How Modern Light Therapy Devices Came to Be

The market that caters to wearable devices which can emit light that are therapeutic is indeed growing at a very steady rate. There are modern light therapy devices in the market that can help with a whole host of things. This ranges from afflictions such as seasonal affective disorder to depression to skin issues. Research in this area is moving at a very fast pace and that is allowing us to better understand the healing effect lights have on our bodies.

Introduction: How It Started

It was in the late 1880s when fluorescent and incandescent lamps were made use of for general lighting purposes. That was also the time when light delivery that was consumer focused was introduced. Prior to this, most uses of light as a healing mechanism was done mainly through the use of natural sunlight. It was after 1900 that light therapy became a thing and was used in the treatment of conditions such as lupus, skin lesions and also tuberculosis. It was around the late 1990s when light therapy became an at-home treatment option.

How it came to be

Low-level laser treatments were initially discovered by an accident. This happened during an experiment on mice that was meant for tumor reducing purposes. In 1961, when Dr. Endre Mester found out that one of the lasers he involved in was faulty and was emitting low level red light, he also noticed some positive results on the mice. He noticed that the areas where this faulty light was shone, there was a growth of hair when compared to the other areas that weren’t exposed to this light. While there have been many advancements in photomedicine since that time, it was until the turn of the 21st century that the delivery of light remained completely unchanged.

In December of 2000, NASA published a report that showed many positive aspects of LED technology. They noticed this when they used red light therapy in order to treat ulcers that were borne out of chemotherapy in patients with cancer. That was the turning point.

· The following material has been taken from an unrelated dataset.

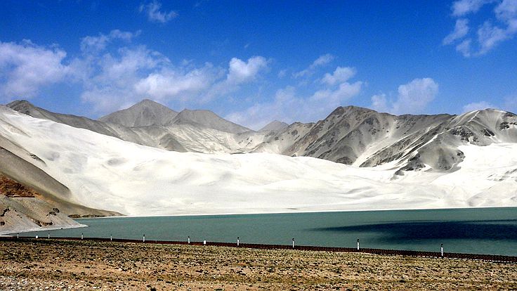 喀拉庫勒湖沿著 終年積雪的最高峰 幕士塔格蜂群 世界第二大高峰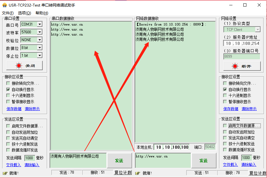 模拟数据收发测试,在实际应用中,串口应接在设备上,且模块的串口参数与串口设备的参数一致。

That is what really helped launch the commercial use of LEDs with medical grade healing properties.

The Science Behind It

The physics behind the light of LLLT and LED are pretty similar. 1 milliwatt of power equals that amount of power, does not matter what the source of the power is. What can be different, however, is the uniformity of the light and also the depth the light can penetrate, can be drastically different. In fact, a lot of the light therapy devices that are currently in the market have very quickly become outdated and need to be replaced. This is all because of the fact that light therapy technology has evolved so much in recent years. To use a device that has become outdated, is to put the patient at risk. Therefore, this practice should be avoided at all possible costs.

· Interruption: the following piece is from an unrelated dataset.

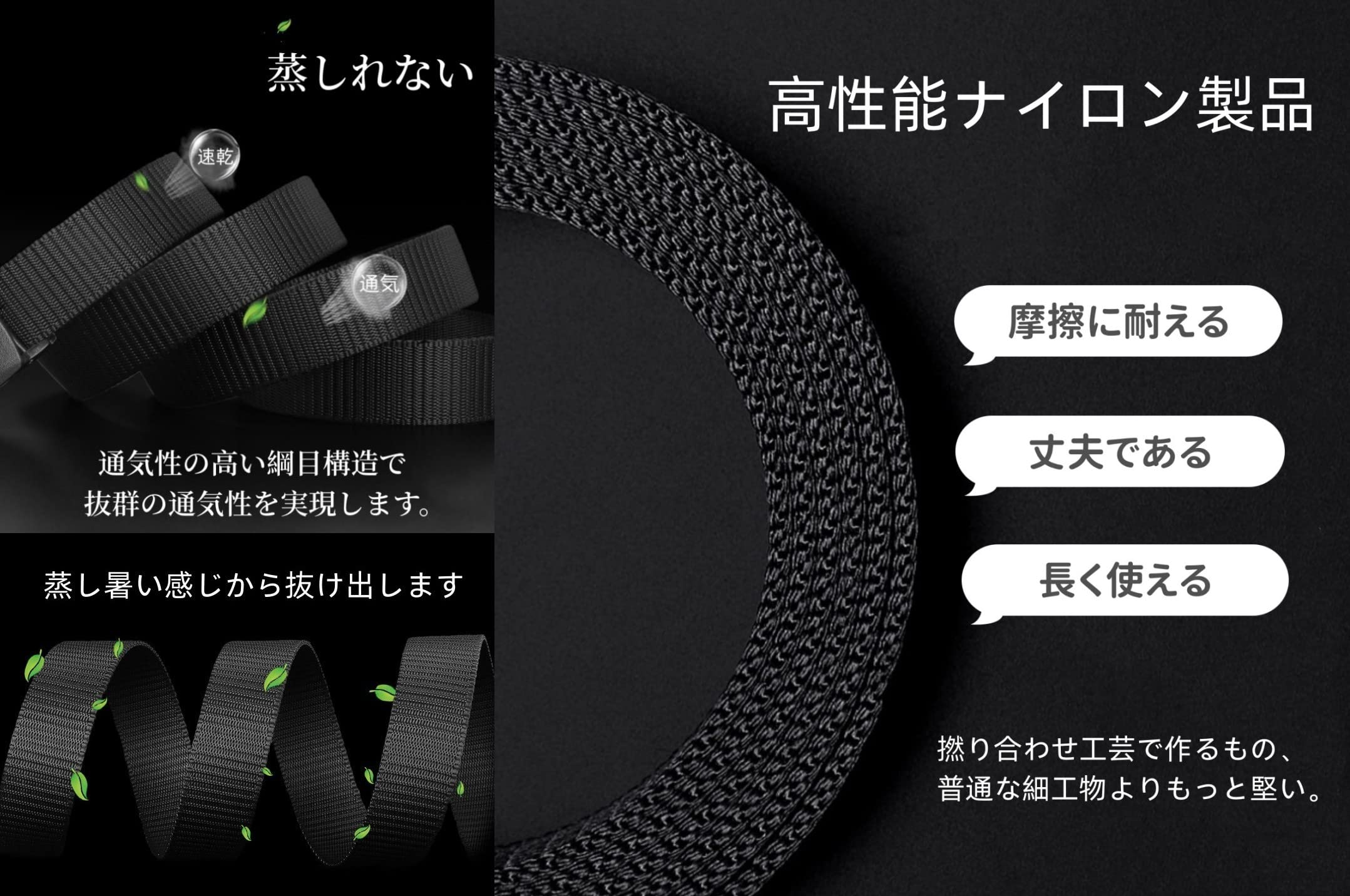 【素材】ベルト部分は布より耐久性が高い高品質ナイロンを使用。またバックル部分はYKK製の強化樹脂で仕上げました。

Using an outdated device on a patient has the likelihood of there being a much greater chance of non-compliance. It can also lead to a loss in patient freedom and also increase the chances of getting much poorer results.

One method of delivery of this kind happens with the use of low-level lasers in order to treat the hair and the skin. These devices normally tend to be wearable devices. They make use of more precise lasers in order to deliver coverage that is spotty. They also tend to be a lot bulkier than you would like them to be. The amount of laser light that is required in order to properly treat anything ends up being too much for these devices. As a result of this, they end up requiring larger batteries or sometimes even direct power from an electrical outlet. In the span of the last 20 or so years, the more well known manufacturers of these products have all made the fact clear that lasers are the only type of light that is strong enough to penetrate the skin. But as years are going by, more and more researchers are pointing to that being simply not the case at all.

The older devices of the years gone by are only able to provide a fraction of the light power needed in order to be an effective form of treatment. They are only able to provide a margin of the quality of light that newer and more advanced devices are able to provide. It is by design that laser diodes, and also because of how they form energy, are normally able to deliver a spread of around 6 degrees. Also, the industry standard of these types of laser diodes are normally about 3-4mm in height if they are not larger. This means that the source will be even closer to the site of application and thus will result in a very short beam spread.